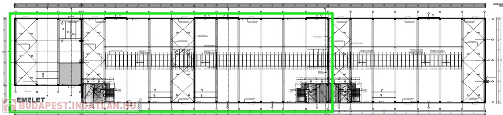 - Szerkezeti elemek: vasbeton oszlopok és gerendák
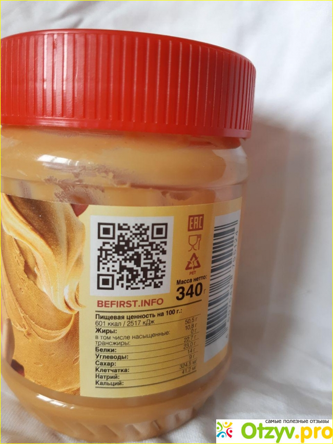Продается в банке, общий вес 340г, стоит 230 рублей. Саму пасту предохраняет защитная мембрана, крышка плотненькая. Хранить рекомендуется в холодильнике, но лично я предпочитаю, когда консистенция более мягкая, поэтому просто храню в шкафу.
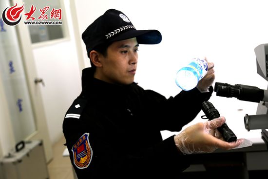 孫振正在對一只礦泉水瓶做指紋檢測(資料圖)
○ ○ ○ ○
» **YOUR OBJECTIVE**
Please restate the material above line by line, exactly, beginning at its first line and ending with the line that contains "Продается в банке, общий", without any pictures.

» **OUTPUT FOR THIS EXERCISE**
 - Szerkezeti elemek: vasbeton oszlopok és gerendák
Продается в банке, общий вес 340г, стоит 230 рублей. Саму пасту предохраняет защитная мембрана, крышка плотненькая. Хранить рекомендуется в холодильнике, но лично я предпочитаю, когда консистенция более мягкая, поэтому просто храню в шкафу.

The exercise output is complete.